Tuesday, November 30, 2004

Young Guns Need Live Ammo 

Kevin Skrepnek would like to see a formal youth wing in the Conservative Party. Being at the age of 17, I don't blame him. But I wonder whether such a move would have undesired side-effects.

In a Calgary Herald article last year, Nigel Hannaford wrote about the Conservatives' impressive young caucus (the party has the most under-30 MPs). The experiences of Saskatchewan MP Jeremy Harrison explain why the young and right might be better served without official party recognition:

For one thing, the Conservatives don't believe in sandboxes, as young conservatives derisively speak of the Liberal and NDP youth organizations.
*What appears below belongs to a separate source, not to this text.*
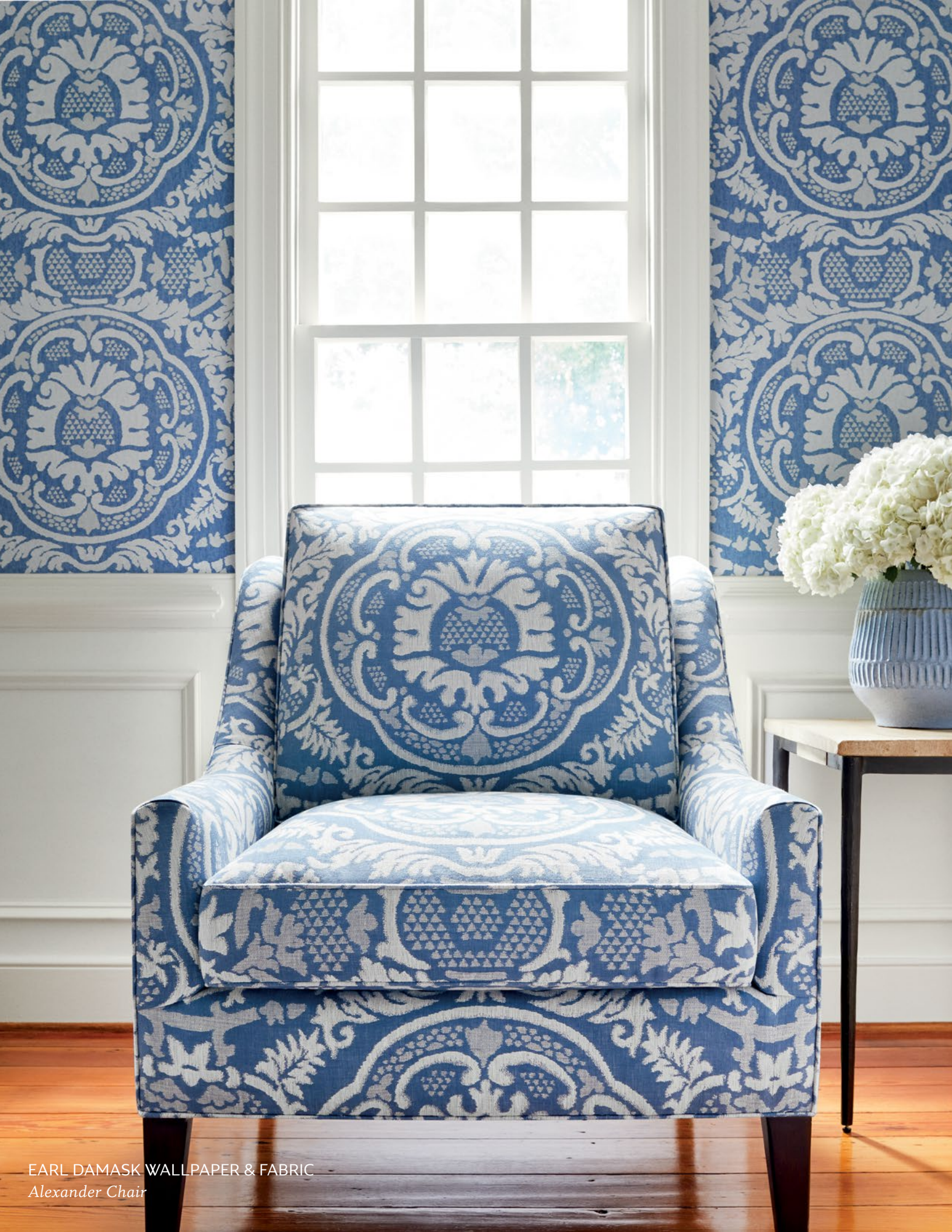
EARL DAMASK WALLPAPER & FABRIC Alexander Chair

For another, the Conservatives -- unlike the Liberals -- have an open nomination process in the ridings with little interference from the party leadership. (Compared to, say, Dhalla, to whom Martin handed a safe seat uncontested, as part of his parachute dream-team.)
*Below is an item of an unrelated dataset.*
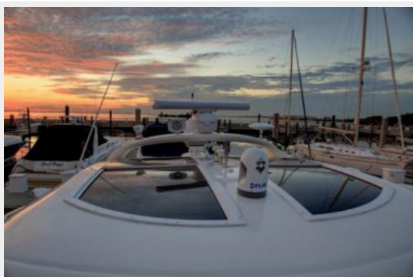
FLIR Night Vision System
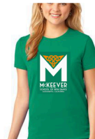
LADIES GREEN SAINT PATRICK'S DAY SHIRT from $20.00

Harrison: "Older people in other parties push you to the youth wing. Our people say, 'Go for it, run for any position you think you can handle.' Nobody has ever said, 'You can't do this, you're not old enough.' "

He would know. Turned on to politics in his second year at the University of Alberta by Matthew Johnston, one-time executive assistant to Edmonton Conservative MP Jaffer, he has held every position in his riding association, was president of the campus Alliance club, and sat on the Alliance National Council: "Two years ago, I met Stephen Harper and he encouraged me to go after the nomination. That was a huge boost to have him give me a nod."
Free Dominion has a thread on this issue, and the general consensus is that the best way to involve youth is to let them work with the real system and not a "sandbox", as they put it.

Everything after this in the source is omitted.